The VMware KB here describes it this way:
“vSAN daemons may still have issues, but this test does a very basic check to make sure that they are still running. If this reports an error, the state of the CLOMD, EPD, and CMMDSD service(s) is not working as expected and needs to be checked on the relevant ESXi host. A good way to further probe into CLOMD health is to perform a virtual machine creation test (Proactive tests), as this involves object creation that will exercise and test CLOMD thoroughly. For more information about this issue, refer to the following article: vSAN CLOMD daemon may fail when trying to repair objects with 0 byte components (2149968)“
Interestingly for me, this was an issue that was only with the EPD component of the vSAN daemon check.
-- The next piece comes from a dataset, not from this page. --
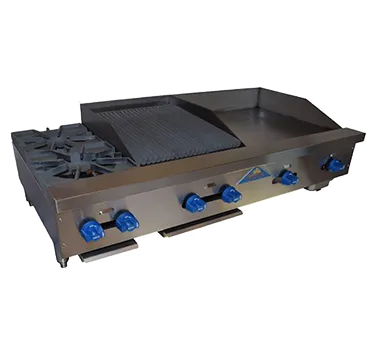 Invest in quality for an unparalleled cooking experience with the Comstock-Castle FHP54-24-1.5RB Griddle / Charbroiler. This countertop gas unit is designed specifically for commercial restaurant use, offering a combination of a char-broiler and griddle in one convenient package. With a 54" wide x 28" deep frame, this unit provides ample cooking space to handle high-volume demands. The two 24,000 BTU cast iron star pattern hotplate burners ensure even heat distribution and efficient cooking. The 24" x 21" x 3/4" thick griddle plate and 18" x 21" cooktop broil area offer versatility for various cooking techniques. The cast iron broiler grates, sloped or flat, and iron radiant enhance heat retention and provide excellent searing capabilities. Stainless steel splash guards on three sides and a stainless steel exterior ensure durability and easy cleaning. With manual controls and a total of 128,000 BTU, this NSF and ETL certified unit delivers exceptional performance for any commercial kitchen. Invest in the Comstock-Castle FHP54-24-1.5RB for superior cooking results and efficiency.

The other two checks were normal. The check performs checks on the following:
- COMD
- EPD
- CMMDSD
From the KB:
Data node of stretched cluster | Witness node of stretched cluster | Data node of metadata cluster | Metadata node of metadata cluster | |
CLOMD | Yes | No | Yes | Yes |
EPD | Yes | No | Yes | No |
CMMDSD | Yes | Yes | Yes | Yes |
Troubleshooting
According to the KB, you can try a few things for troubleshooting purposes including the following:
For me, I only had an issue with the EPD service. When I run the relevant commands for only that service, I received the following:
As you can see, manually attempting to start the service fails with the error:
- EPD uses a ramdisk for the db file
On the left, I have the server that is “unhealthy” and on the right, I have a server that is “healthy” from the vSAN daemon liveness checks. As you can see, the server on the right, there are two files:
- epd-store.db
- epd-store.db-journal
So, with a couple of these findings, is it corruption? I am running the ESXi 7.0 hosts booting from USB devices.
One weird thing, in Googling the error, I have turned up a couple of other posts related to vSAN 7.0 with ESXi 7.0b hosts. Take a look at those posts here:
As of today, I have not resolved the issue. However, definitely seeing some weird layout on my USB boot disk for sure. It makes me wonder however with others seeing the exact same error if this is a bug with 7.0b.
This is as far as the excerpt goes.